Every digital photo contains hidden data called EXIF (Exchangeable Image File Format) metadata. This includes camera model, lens info, GPS coordinates, timestamps, and editing software used. Our parser reads the raw binary JPEG data to extract every piece of embedded information.
ELA works by re-compressing an image at a known quality level, then amplifying the differences between the original and recompressed versions. In an unmodified image, these differences should be uniform. Manipulated regions — pasted elements, cloned areas, or edited sections — will show distinctly different error levels, appearing as bright spots in the ELA heatmap.
AI-generated images leave distinctive artifacts in the frequency domain. GANs (Generative Adversarial Networks) produce periodic spectral peaks visible in DCT analysis. Diffusion models show unusually smooth high-frequency rolloff compared to natural photographs, which exhibit characteristic 1/f noise patterns. Our analyzer computes the 2D DCT spectral energy distribution and looks for these telltale signatures.
The Image Forensics Lab is a professional-grade photo authentication tool that applies the same techniques used by digital forensics investigators, photojournalism fact-checkers, and intelligence analysts. Upload any JPEG, PNG, or WEBP image and receive a complete forensic report in seconds — no software installation required.

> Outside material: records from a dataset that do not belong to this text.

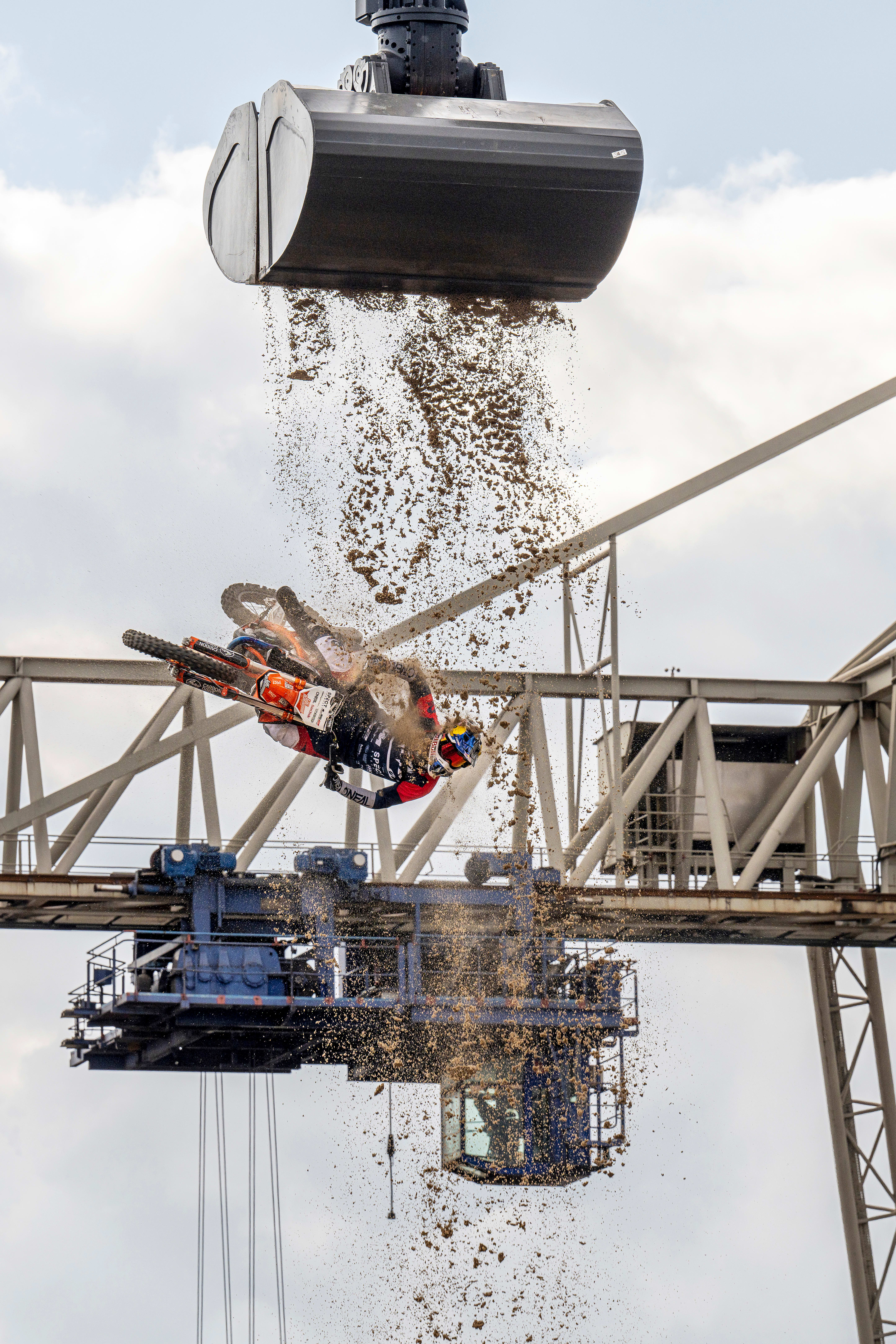 Dwarfed by the huge cranes and containers, Ackermann produces another world premiere with the Sand Curtain – a 360 through a cascade of sand with no ramp. A handful of FMX riders worldwide have mastered the 360 – a complete sideways turn with the motorcycle angled parallel to the ground. Ackermann is a master of the trick, but the sand is a new twist. Dropping from an excavator shovel 15m above the ground, Ackermann has to perform the 360 while he and his bike are showered with sand. “The sand got everywhere,” said Ackermann after the shoot. “It even managed to seep down the back of my trouser into my underpants.”
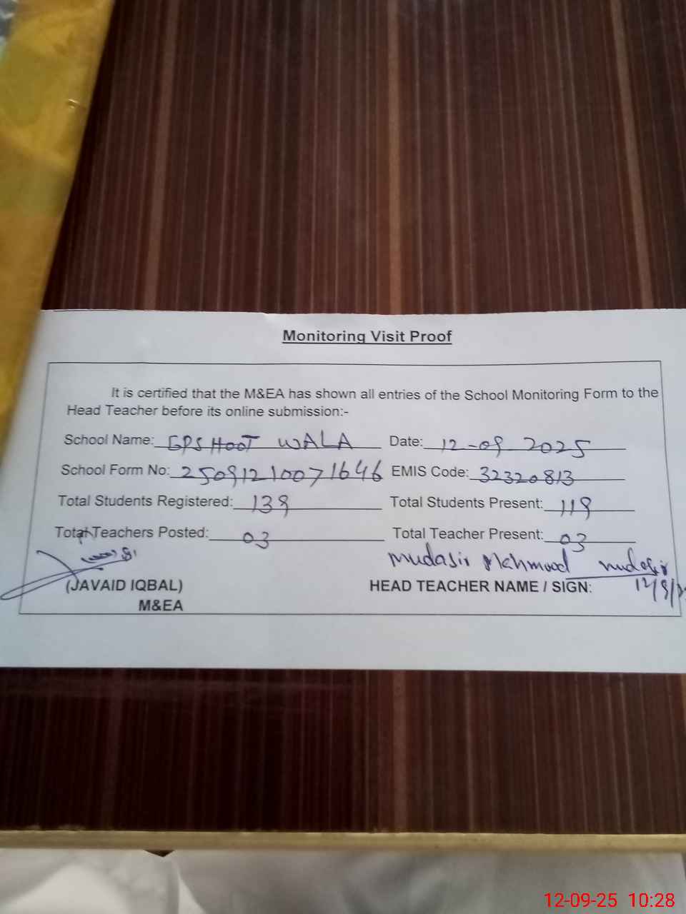 | Attendance Register | Head Teacher | MEA with School | Visit Proof |
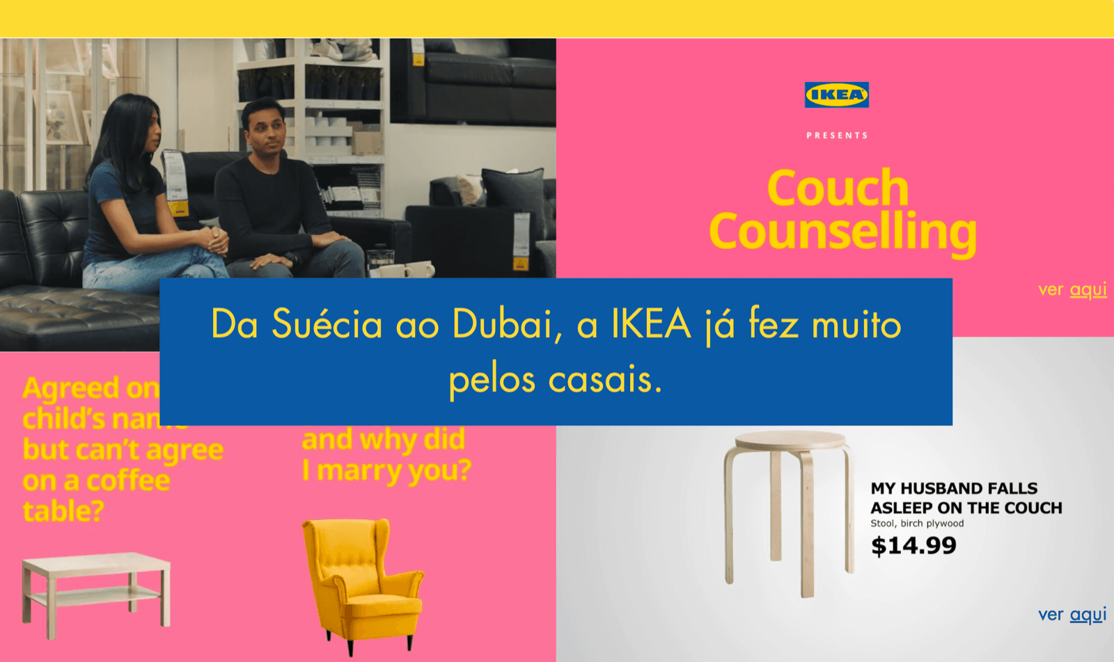 Em 2021, 6 em cada 10 casamentos portugueses acabou em divórcio. A falta de comunicação está no centro deste problema. Poucos casais recorrem a especialistas. Depois do Reiki e do Shiatsu, surge o Aeki. É a nova solução DIY da IKEA. Como funciona? Terapia invertida: as peças falam pelo psicólgo. Serão criados manuais de instruções personalizados, em parceria com a Ordem dos Psicólogos Portugueses, com perguntas-chave para reflexão individual e em casal.
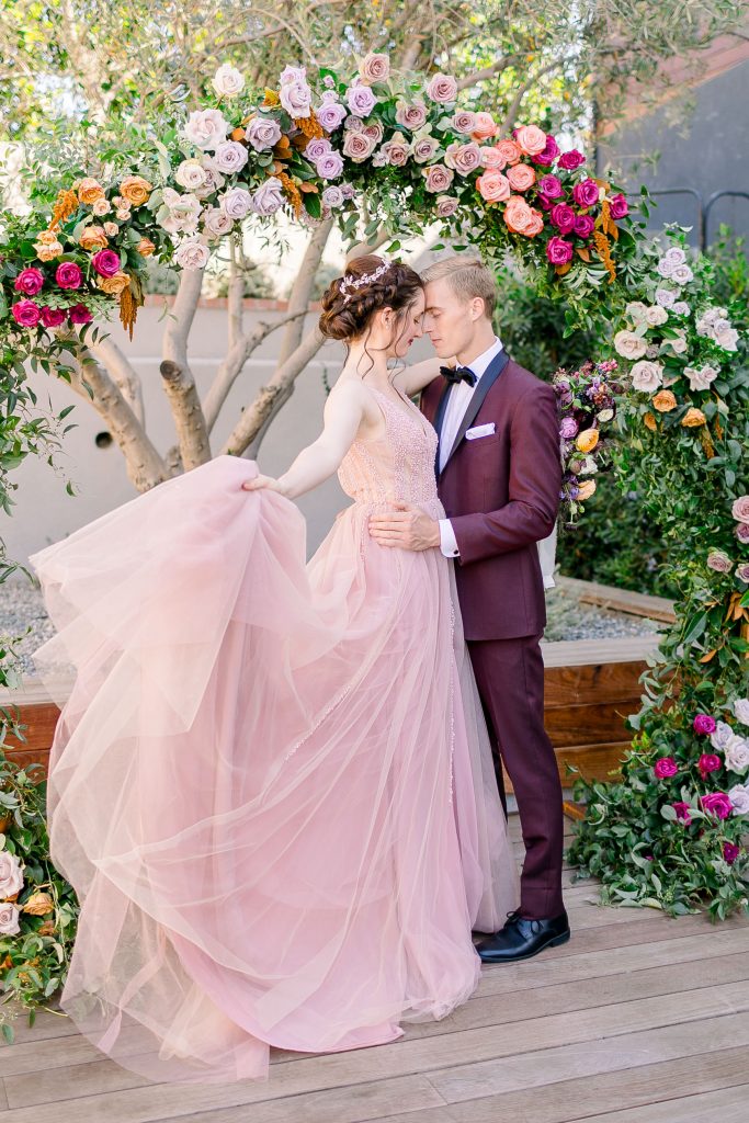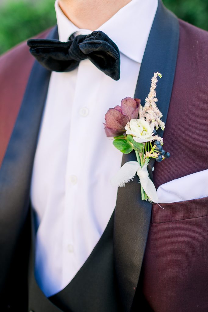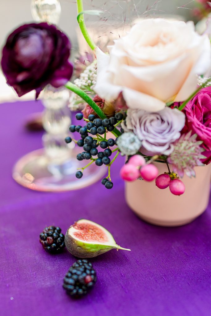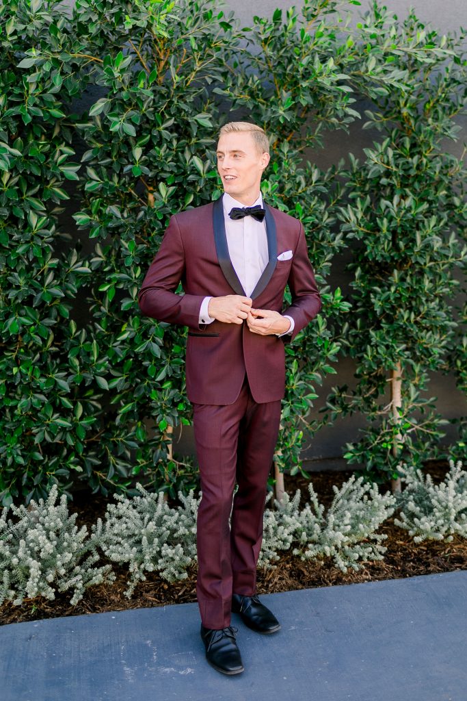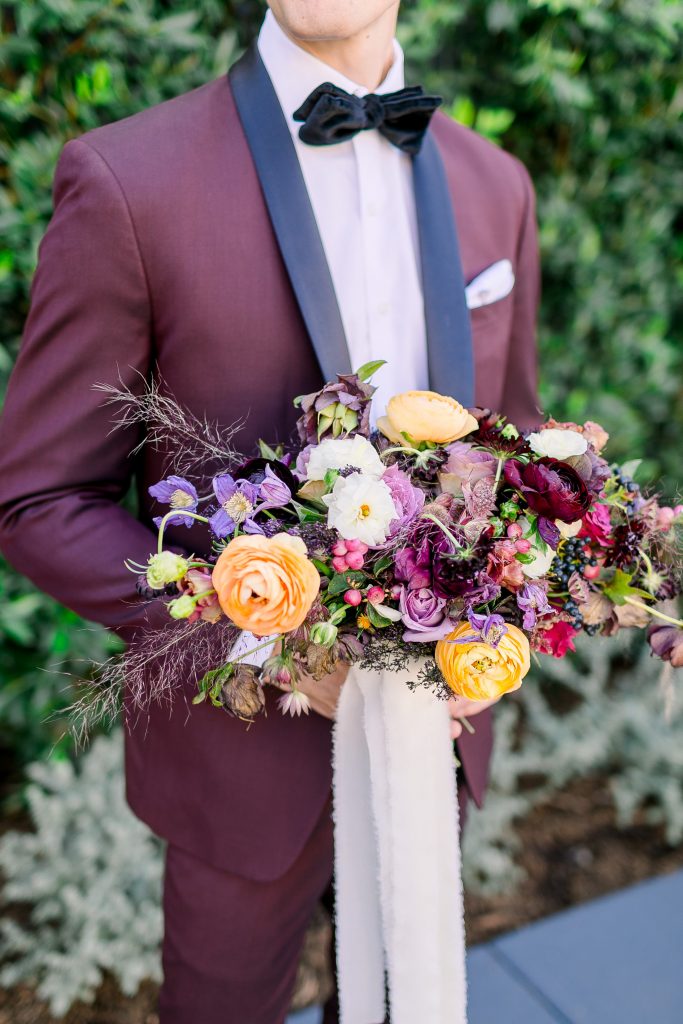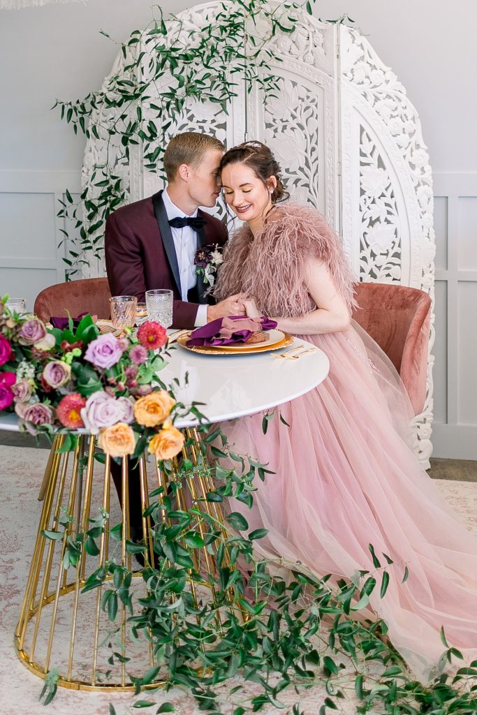 It all began with purple, thanks to this lovely invitation suite by Castlefield Design, combining a plum watercolor background and white ink lettering. Alicia C. Creative styled the bride to modern perfection, pairing a blush beaded wedding dress by Jana Sofia Bridal with a dusty rose feather bolero by Le Nuage Luxe. The stunning colors created a bridal look to die for, with the beautiful accents of sparkles and feathers adding fresh textures. Hair stylist Bostylist and Makeup artist: LYS Beauty played off the gorgeous gown and feathered jacket to create playful and elegant beauty inspiration. She crowned the braided updo with a headpiece by Peaches and Love USA for a touch of sparkle. An Elton John-inspired shoot is no place for traditional groom’s wear, and this burgundy suit from Friar Tux Shop knocked it out of the park! The look is wearable for even the most solid of groom’s, with a traditional cut and rich color to add a little extra personality. It looked picture perfect against the plum, yellow, and berry bouquet by Peonies and Petals.

Error Level Analysis (ELA) reveals areas of an image that have been digitally altered by detecting inconsistent JPEG compression artifacts. Regions that have been copy-pasted, cloned, or retouched compress differently from the original content, producing visible hotspots in the ELA output. This technique is routinely used to expose doctored press photos, fake evidence, and manipulated social media posts.
Beyond ELA, the tool extracts all embedded EXIF metadata — GPS coordinates, camera make and model, shooting timestamp, software edits, and more. It also runs a frequency-domain analysis to flag statistical signatures of AI-generated imagery, which tends to exhibit unnatural regularity in its high-frequency noise patterns.